# Task description
Return all of the data exactly, with nothing left out but the pictures.

# Data segment

○ ○ ○ ○

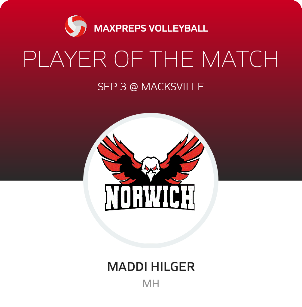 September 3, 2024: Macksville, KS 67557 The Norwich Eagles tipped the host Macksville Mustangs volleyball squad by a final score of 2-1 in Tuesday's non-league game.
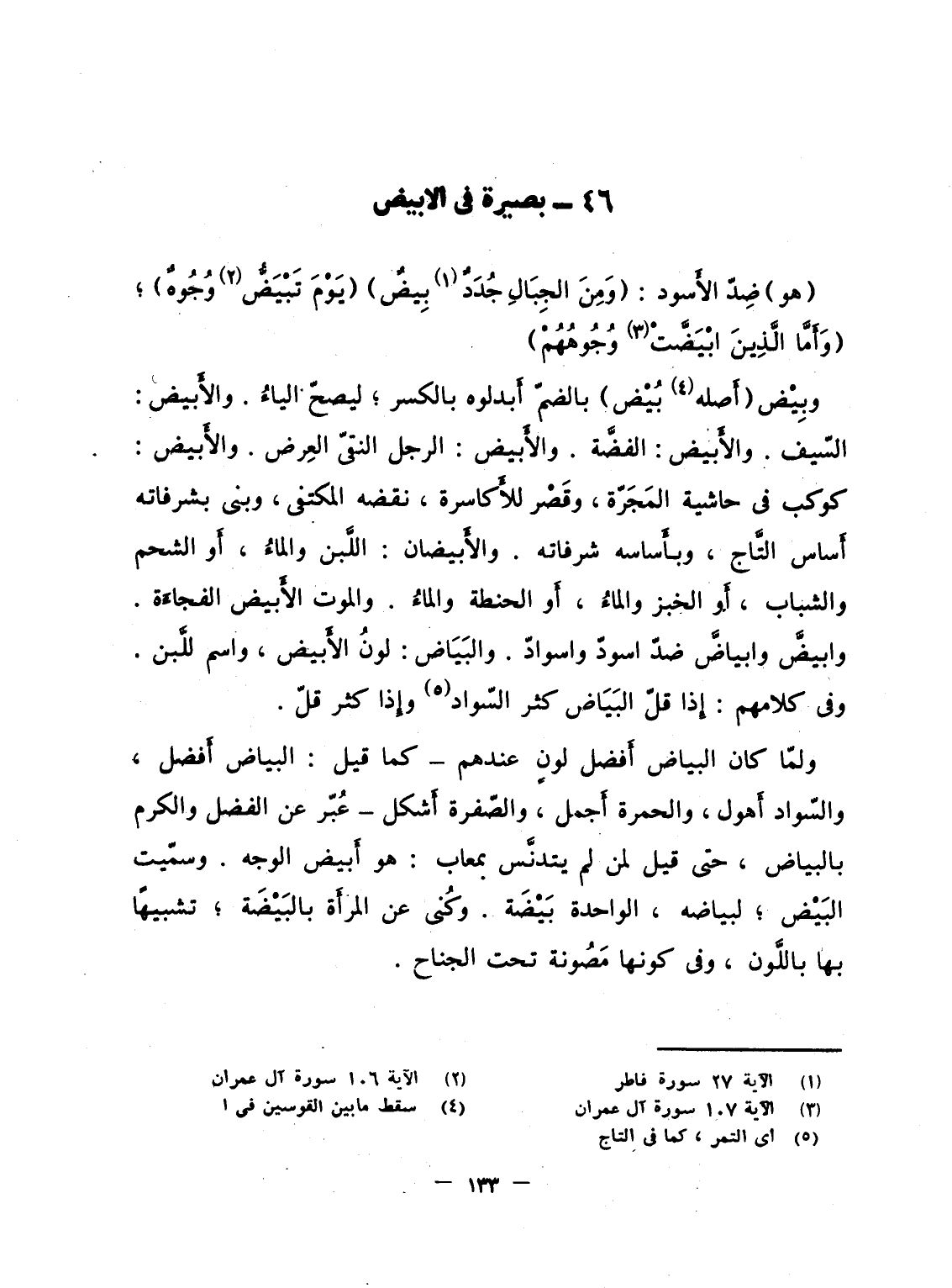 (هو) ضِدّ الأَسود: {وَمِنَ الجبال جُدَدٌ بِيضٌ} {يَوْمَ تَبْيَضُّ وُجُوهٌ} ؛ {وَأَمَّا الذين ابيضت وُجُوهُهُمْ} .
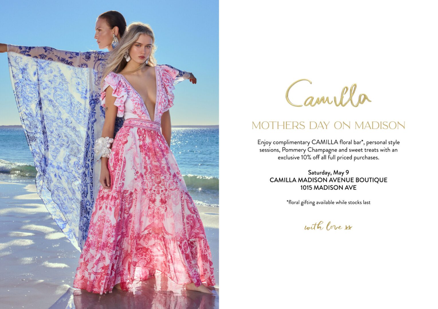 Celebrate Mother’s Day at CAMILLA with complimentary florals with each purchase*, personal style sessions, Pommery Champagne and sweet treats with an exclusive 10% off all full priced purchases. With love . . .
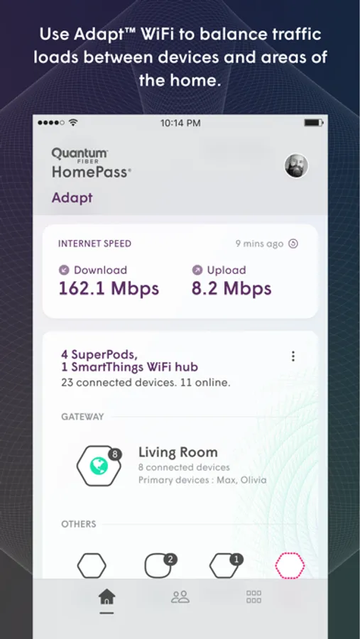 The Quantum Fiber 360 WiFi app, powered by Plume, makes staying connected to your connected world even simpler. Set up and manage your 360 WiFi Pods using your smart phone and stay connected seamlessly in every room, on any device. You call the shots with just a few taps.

○ ○ ○ ○

# Response to this exercise
 September 3, 2024: Macksville, KS 67557 The Norwich Eagles tipped the host Macksville Mustangs volleyball squad by a final score of 2-1 in Tuesday's non-league game.
 (هو) ضِدّ الأَسود: {وَمِنَ الجبال جُدَدٌ بِيضٌ} {يَوْمَ تَبْيَضُّ وُجُوهٌ} ؛ {وَأَمَّا الذين ابيضت وُجُوهُهُمْ} .
 Celebrate Mother’s Day at CAMILLA with complimentary florals with each purchase*, personal style sessions, Pommery Champagne and sweet treats with an exclusive 10% off all full priced purchases. With love . . .
 The Quantum Fiber 360 WiFi app, powered by Plume, makes staying connected to your connected world even simpler. Set up and manage your 360 WiFi Pods using your smart phone and stay connected seamlessly in every room, on any device. You call the shots with just a few taps.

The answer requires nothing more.